### Work to complete
Retype the lines below exactly, from the one that contains "Web Seçenekleri Web" through the last, and leave every picture out.

### Data for processing
--- START ---

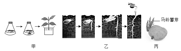 15、下图表示植物的几种繁殖过程,表述错误的是( )A、甲表示组织培养,能在较短的时间内大量、快速地繁殖植物 B、乙表示双子叶植物种子萌发的过程 C、丙中的马铃薯利用块茎进行繁殖的方式属于营养生殖 D、植物组织培养、种子繁殖均属于有性生殖
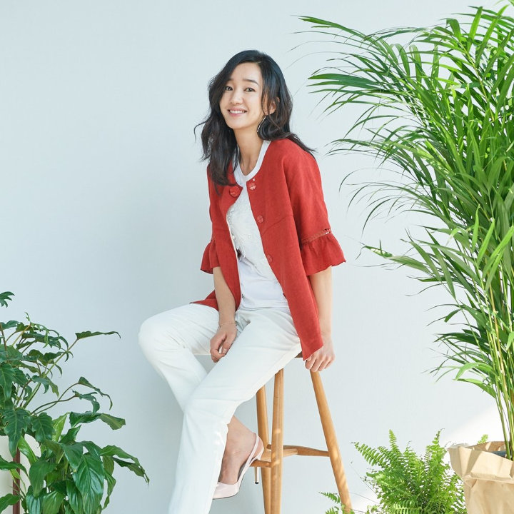 Artis era milenial ini gayanya tak kalah stylish dengan gen Z. Seperti di momen kali ini, bintang drama "Athena: Goddess of War" ini tampil chic dalam balutan kaos, straight pants yang semuanya putih dikombinasikan dengan blazer merah. Soo Ae dengan gaya elegan duduk di atas sebuah kursi tinggi.
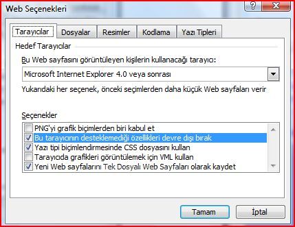 Web Seçenekleri Web Seçenekleri iletişim kutusunu açmak için tıklatın. Bu iletişim kutusunu, Word'ü Web sayfası oluşturmada kullanma seçeneklerini ayarlamak için kullanın.
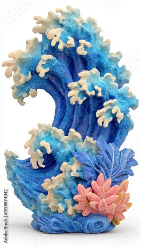 Obraz premium 3D Render of a Textured Blue Wave with Coral Accents on White Background
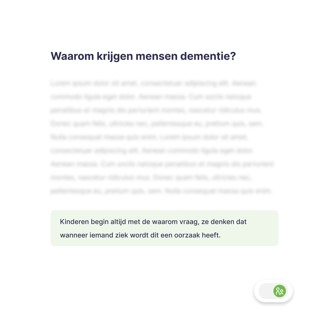 Het doel van het webproject is om een veilige en ondersteunende omgeving te bieden voor kinderen van ouders met dementie. Dementie kan voor kinderen verwarrend en angstaanjagend zijn, maar via deze digitale plek kunnen ze begrip krijgen en leren omgaan met de ziekte van hun vader of moeder op een toegankelijke manier.

--- END ---

### Solution for this problem
 Web Seçenekleri Web Seçenekleri iletişim kutusunu açmak için tıklatın. Bu iletişim kutusunu, Word'ü Web sayfası oluşturmada kullanma seçeneklerini ayarlamak için kullanın.
 Obraz premium 3D Render of a Textured Blue Wave with Coral Accents on White Background
 Het doel van het webproject is om een veilige en ondersteunende omgeving te bieden voor kinderen van ouders met dementie. Dementie kan voor kinderen verwarrend en angstaanjagend zijn, maar via deze digitale plek kunnen ze begrip krijgen en leren omgaan met de ziekte van hun vader of moeder op een toegankelijke manier.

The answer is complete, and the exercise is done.